Overwriting

On a good day, the manuscript flows from my fingers and appears in some nice format on the screen. The problem arises when I return to those good words to edit out the extraneous stuff and achieve a level of compression that succinctly creates the images I want, the scenes I want and the action I want. For the most part, the unwanted expansion happens in dialogue, primarily because conversation, real conversation between consenting adults, includes a lot of words that are not necessary. Another way to say this is that we don’t speak the way we write, and we shouldn’t write the way we speak. Now, that doesn’t mean that dialogue on the page needs to be so terse that we loose meaning. Rather, it means that written language does not need the recapping and repeating that occurs in lively conversation.

I’ve heard a few learned folks at the lectern speak in the concise way we should write and it’s a pleasure to listen to them. It’s also necessary to pay strict attention because there are few if any repetitions.

One of the values of a good critique group is there ability to identify overwriting. It would be wonderful if we all saw this in our own writing, but it seems to have an invisibility quality when we read our own work.
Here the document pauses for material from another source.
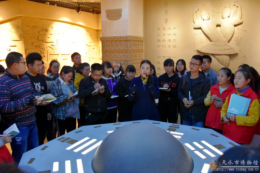 10月20日下午,接待服務(wù)部講解員周秀蘭、郭潔就易學(xué)文化和中國古代青銅器對志愿者進(jìn)行了培訓(xùn)。周老師通過博物館序廳多媒體八卦臺,以伏羲先天八卦為基礎(chǔ)向志愿者展開介紹了中國博大精深的易學(xué)文化。郭潔則以PPT的形式,從中國古代青銅器的發(fā)展簡史出發(fā),結(jié)合天水市博物館展廳藏品分別介紹了中國古代青銅器中的飪食器、酒器和水器。

However once found, it suddenly stands out as the wasted ink that it truly is.

It is possible, I believe, to catch much of this overwriting ones self. It requires concentration and memory. Concentration is necessary to carefully discern the meaning of each sentence and memory is necessary to compare what you are saying with what you have said. As simple as this sounds, it’s quite difficult in practice. I’m working on it, and I hope you are, too.